# What service is best?



## sabrewulf (Sep 4, 2011)

May have to cut the cord from directv this time next year. The bill has gotten out of sight and have cut down bout much as I can and 121 a month is to much. Wondering what boxes would be best. Roku, amazon fire chromecast and such. Leaning twards Roku sticks for the 2 tv's but dont like the requirement for a credit card number. Do have bank debit card but no credit card. Is there any suggestions. And yes would be using Netflix and Hulu as well as some free channels.


----------



## trh (Nov 3, 2007)

We have Roku 3s and an Amazon stick. Plus two smart TVs where you can install the apps directly w/o the need for a device.

We all prefer the Roku 3s. Easier to use and it seems a faster processor than the Amazon Fire Stick.

Two of our Roku s are wired; the other is Wifi. The Amazon Fire Stick is wireless. The Fire Stick buffers quite a bit. The Roku 3 wireless only buffers when you first select a show/movie. 

The smart TVs (both Samsung), work pretty well; one is wired (and I might wire the second one).

So from our experience, I'd get something that is wired. No experience with Apple TV.

Good luck.


----------



## B. Shoe (Apr 3, 2008)

A lot of it also depends on the experience you want accessing programming. Roku, Amazon Fire Stick, etc., work with a remote and an onscreen guide to get you through apps and pick what you want. Something like a Chromecast stick is going to be based on whatever device (phone, tablet, laptop), what you want to use to send content to the Chromecast.

Best advice: Find friends that have Roku's and stop by their place for a test run.


----------



## B Newt (Aug 12, 2007)

Another option is Stream Smart. Do a search on it....



Sent from my iPhone using DBSTalk


----------



## phrelin (Jan 18, 2007)

sabrewulf said:


> May have to cut the cord from directv this time next year. The bill has gotten out of sight and have cut down bout much as I can and 121 a month is to much. Wondering what boxes would be best. Roku, amazon fire chromecast and such. Leaning twards Roku sticks for the 2 tv's but dont like the requirement for a credit card number. Do have bank debit card but no credit card. Is there any suggestions. And yes would be using Netflix and Hulu as well as some free channels.

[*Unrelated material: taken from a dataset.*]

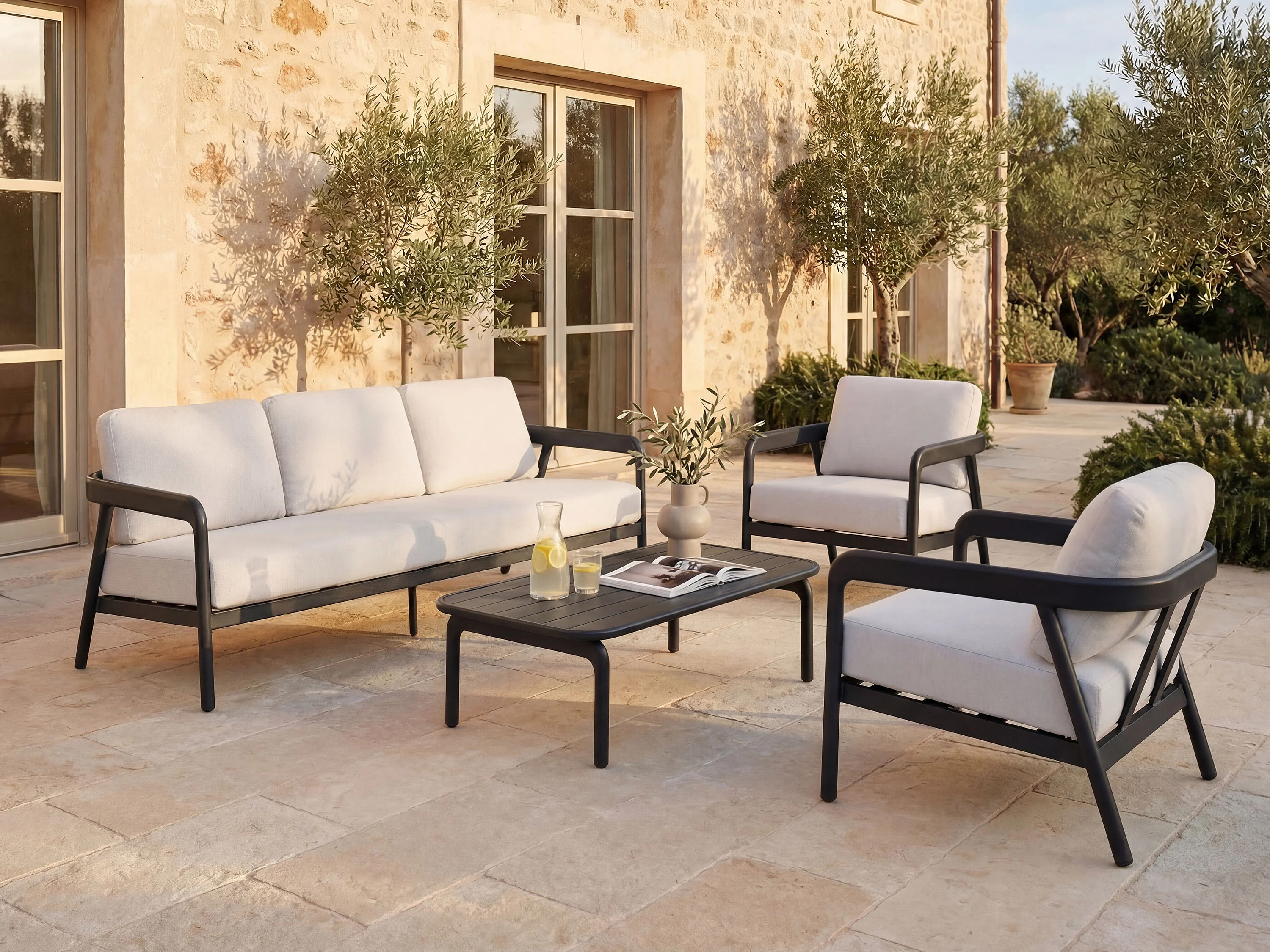 Aluminium tuinset: een 3-zitsbank, 2 stoelen en een salontafel - Donkergrijs - ZAYORA van MYLIA

You do not have to have a credit card to activate your Roku. Just Google - Roku no credit card - and you'll see plenty of advice. I like Roku, both the stick on one TV and the 3 on the main TV.


----------



## Wilf (Oct 15, 2008)

One of the most awesome features of Chromecast are the images it puts on the screen when it is idle. They are amazing. I think I paid around $11 when the Chromecast first came out, and at $35 it is still a bargain.


----------



## billsharpe (Jan 25, 2007)

I have an older AppleTV wired WiFI connected to my large-screen HDTV and an Amazon Fire TV stick wireless WiFi for my smaller HDTV. I prefer the AppleTV, but it did cost much more than the Amazon device ($100 vs. $20). I don't see any buffering problems using either device. We stream Netflix shows on both units. I have 50/50 Internet speed with Frontier FiOS. I can also stream Amazon Prime videos with AppleTV through my iPad app.


----------



## sabrewulf (Sep 4, 2011)

My own internet has its days. Like today is the first time in a couple of months its been going on and off.


----------



## adkinsjm (Mar 25, 2003)

B Newt said:


> Another option is Stream Smart. Do a search on it....
> 
> Sent from my iPhone using DBSTalk


Just another Kodi piracy box. Add/one come and go, and it's not for novices.


----------



## B Newt (Aug 12, 2007)

adkinsjm said:


> Just another Kodi piracy box. Add/one come and go, and it's not for novices.


It took a little while to learn to use it but it has tons of stuff to watch, with no monthly fee's.


----------



## msmith198025 (Jun 28, 2007)

Most all of them offer the same basic thing. The Roku is probably the most complete device, although right now it is missing PS Vue. The fire TV stick is missing Vudu. Apple TV is missing Amazon. Ect.

I mainly use my roku or the fire stick. Although alot more often these days I have been using the apps on the Tivo bolt. The way it integrates the streaming options with what I record OTA is a nice feature.


----------



## billsharpe (Jan 25, 2007)

msmith198025 said:


> Most all of them offer the same basic thing. The Roku is probably the most complete device, although right now it is missing PS Vue. The fire TV stick is missing Vudu. *Apple TV is missing Amazon. * Ect.
> 
> I mainly use my roku or the fire stick. Although alot more often these days I have been using the apps on the Tivo bolt. The way it integrates the streaming options with what I record OTA is a nice feature.


I can stream Amazon videos easily from an iPad app to my AppleTV


----------